In these visitations with his avatar angel, “the mystery in magnificence and

complete clarity” is revealed to Mani piecemeal. One piece of this mystery

had to do with the sentience of the universe. In an initial vision, Mani sees

a date tree and picks its fruits to eat. The branches bleed. He cuts grain in

a field. Blood spurts up from the cut stalks.

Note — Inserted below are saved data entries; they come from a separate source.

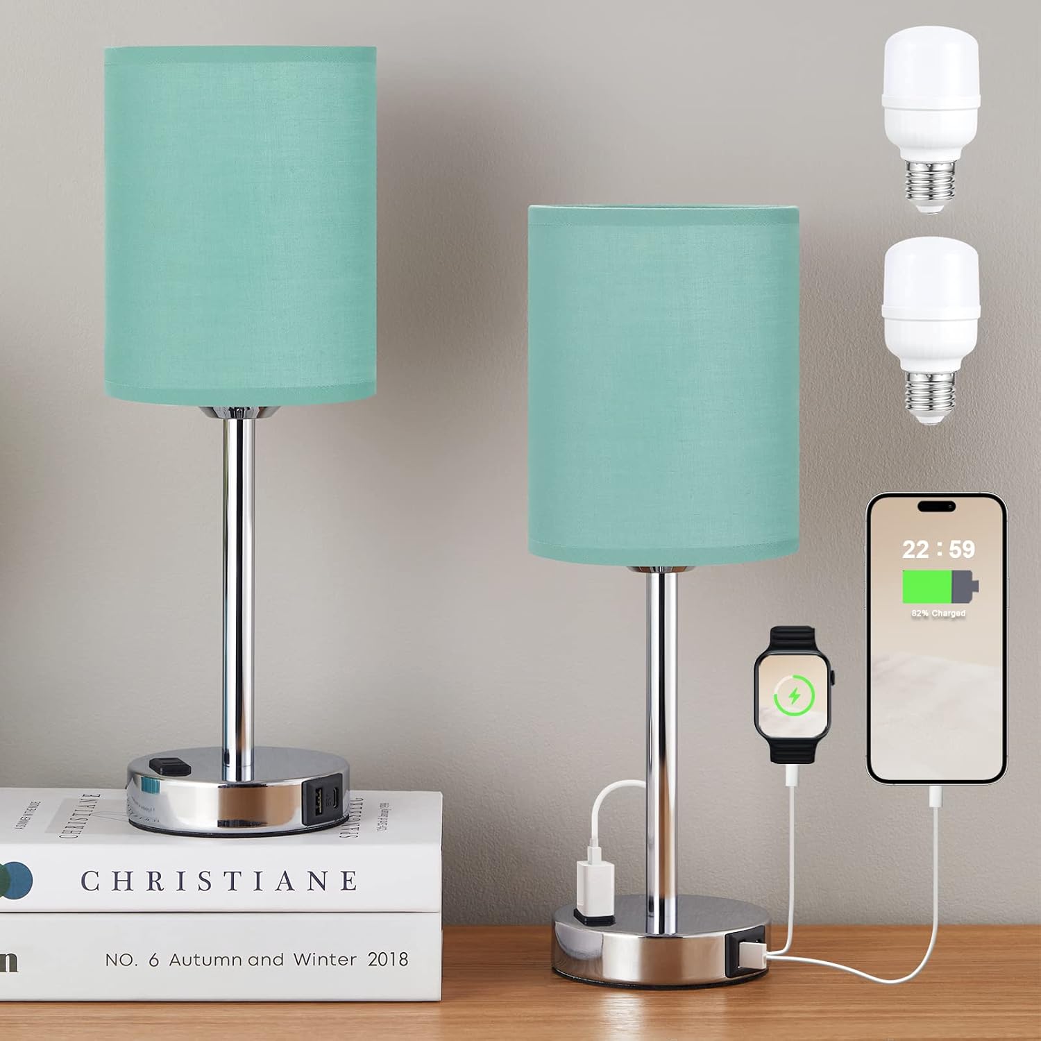 Innqoo Teal Touch Table Lamps Set of 2-3 Way Dimmable Bedside Lamp with USB C and A Ports and Outlets, Modern Nightstand Lamp with Silver Base, Small Bedroom Lamps for Kids Nursery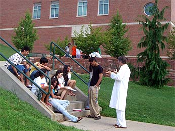 Easan and his son Kartikeya are teaching at the annual summer camp held by the Pittsburg temple in Pennsylvania. We hope to get more news and photos later. Here he talks to a group outside during a break.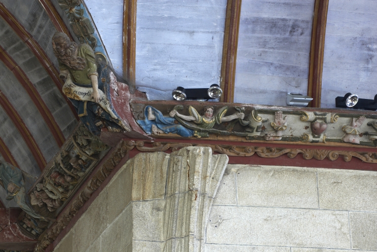 Intérieur, mur nord du choeur, détail de la sablière et du blochetImmatriculation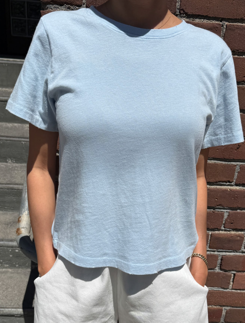 Meet the Darling Tee — It strikes the ideal balance between The Little Boy Tee's fit and the Vintage Boy Tee's worn-in charm. Featuring a relaxed boxy silhouette that hits the perfect waist length, it offers gently distressed details and a 90's fade for a true vintage allure. Crafted from locally sourced cotton, this tee combines a light, airy feel with a beautifully structured yet soft touch, giving you the vintage feel you long for.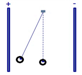 Một quả cầu khối lượng \(4,5.10^{-3}kg\) treo vào một sợi dây dài \(1m.\) Quả cầu nằm giữa hai tấm kim loại song song, thẳng đứng như hình vẽ. Hai tấm cách nhau \(4cm.\) Đặt một hiệu điện thế \(750V\) vào hai tấm đó thì quả cầu lệch ra khỏi vị trí ban đầu \(1cm.\) Tính điện tích của quả cầu. Lấy \(g = 10{\rm{ }}m/{s^2}\)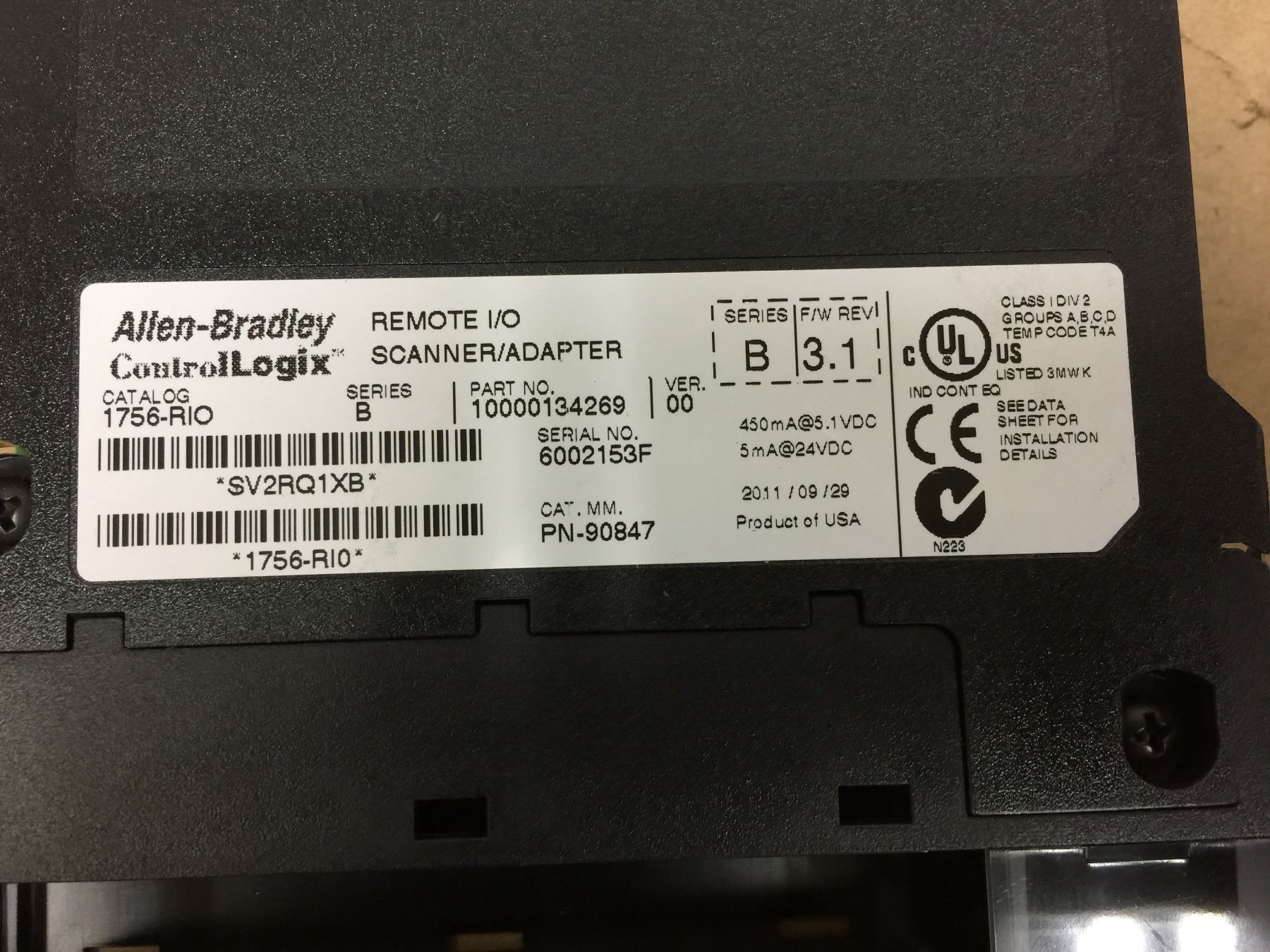 Allen Bradley 1756-RIO Remote I/O Scanner/Adapter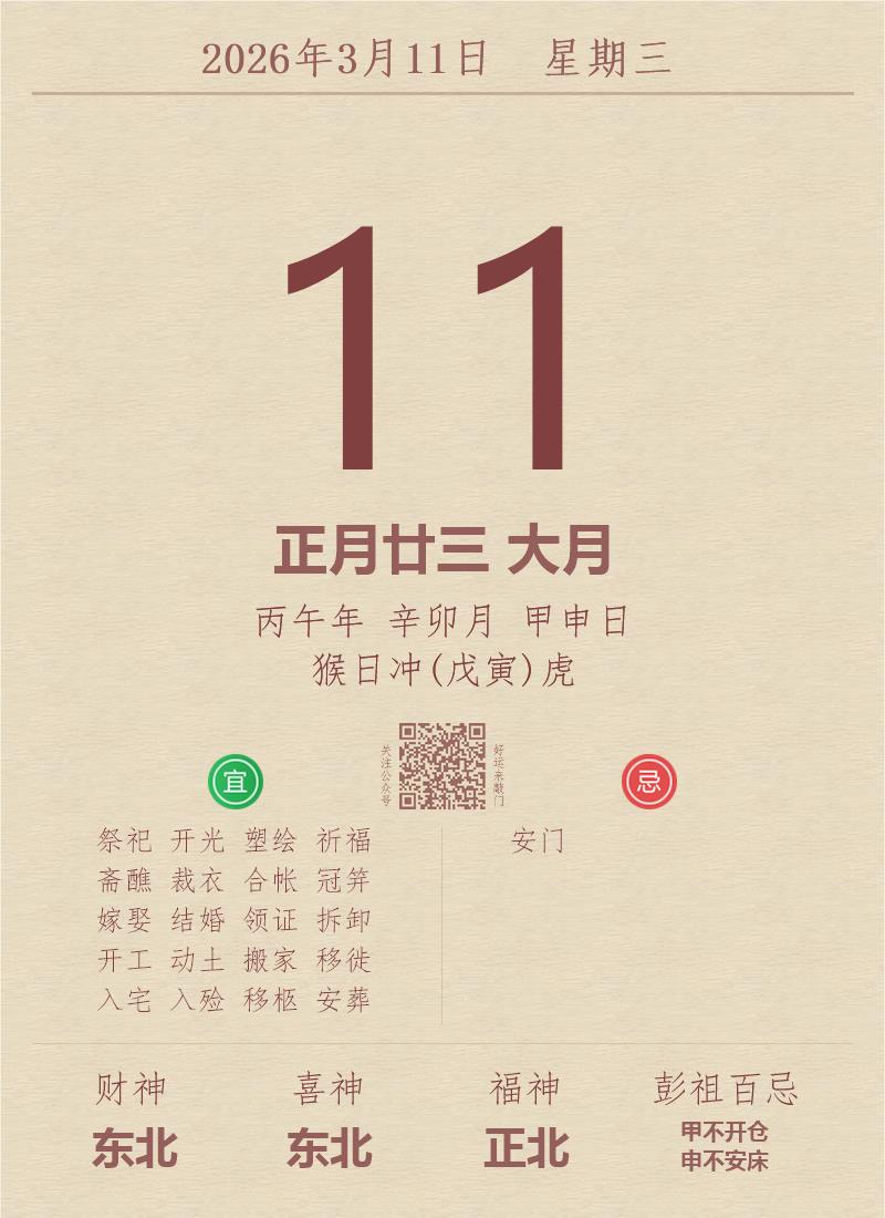今日老黄历(2026年3月11日):黄历宜忌、财神方位、特吉生肖、打麻将财位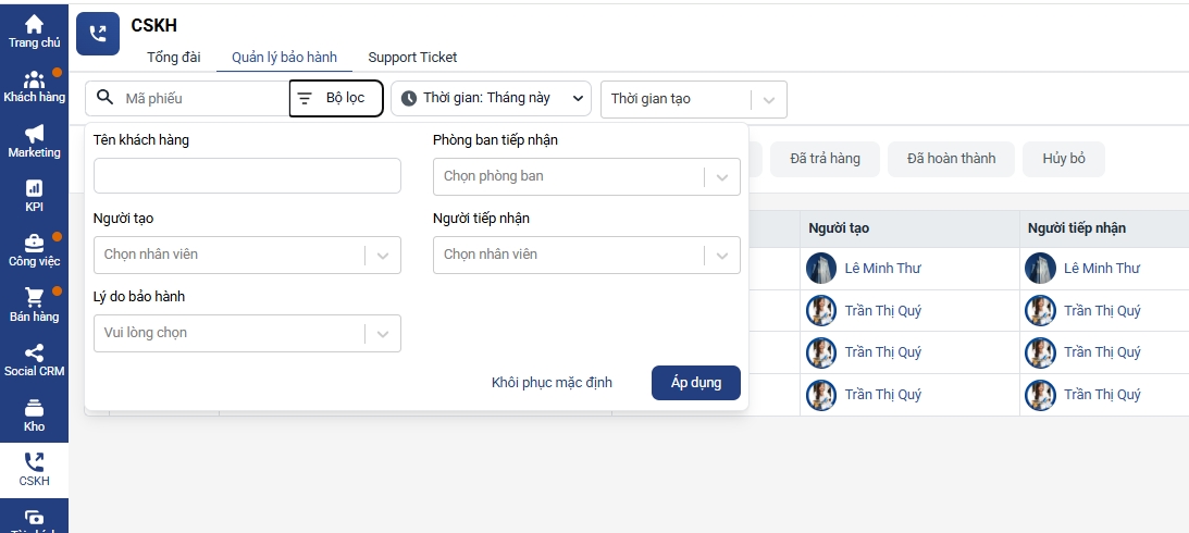 Bạn có thể lựa chọn thêm theo các điều kiện: Người tạo phiếu, Sản phẩm liên quan, ngày tiếp nhận, ngày trả hàng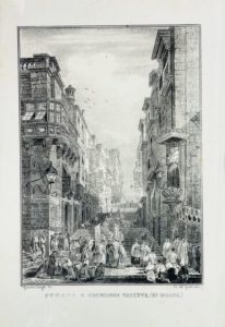 Bel lotto di cinque litografie illustranti strade e il porto di La Valletta (visto dal mare e dalla Marina), brulicanti di vita e di attività commerciali e religiose. Sur les images, à droite, l'indication "Lit. del Guttemberg". Furono inserite nell'opera di Clément Pellé, pubbllicata a Napoli dalla Tipografia e Litografia del Guttemberg nel 1841.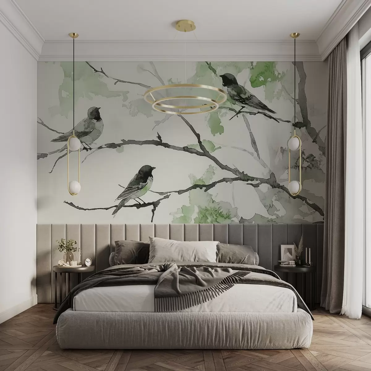Fototapety Ptáci na větvích stromů ve stylu akvarelu Č. w09064v3

This vision led Mani to begin practicing silence, withdrawal, and quietude,

what he calls “rest” and “doing no harm.” He refused to work as a

laborer in the baptists’ gardens, and instead begged for his food, because

he did not want to be the cause of suffering when the plants were cut from

their roots. All living things, he came to believe, are sentient, containing

light or soul stuff. Unlike the other Gnostics we have met in this book,

Mani made no obvious distinction between the human soul and spirit,

although he does seem to think that the divine light fills the soul and

makes it a living self.

The second bit of revelation has to do with our separation from the

Father, who lives in the kingdom of light. Mani says that his angel showed

him “who I am and what my body is, in what way I came and how my

coming into this world happened.” Mani came to understand that his true

self had been separated from the Father on high and sent into his material

body, “this loathsome flesh,” where it became intoxicated with desire. The

third part of the mystery is about reunion with God, when his avatar angel

and his soul reunite. It is Mani’s “unsleeping syzygos ,” his “inseparable

syzygos ,” who descends to him so that he and his angel can be reunited,

when Mani would come to the “measureless heights” and “unsearchable

depths” of God. Mani composed an exquisite poem to celebrate this

wonderful mystery (Cologne Mani Codex 24; translation by Gardner and

Lieu 2004, 51, with minor modification):

I received him piously,

And I took him as my own.

I believed him,

That he belongs to me

And that he is a good and valuable guide.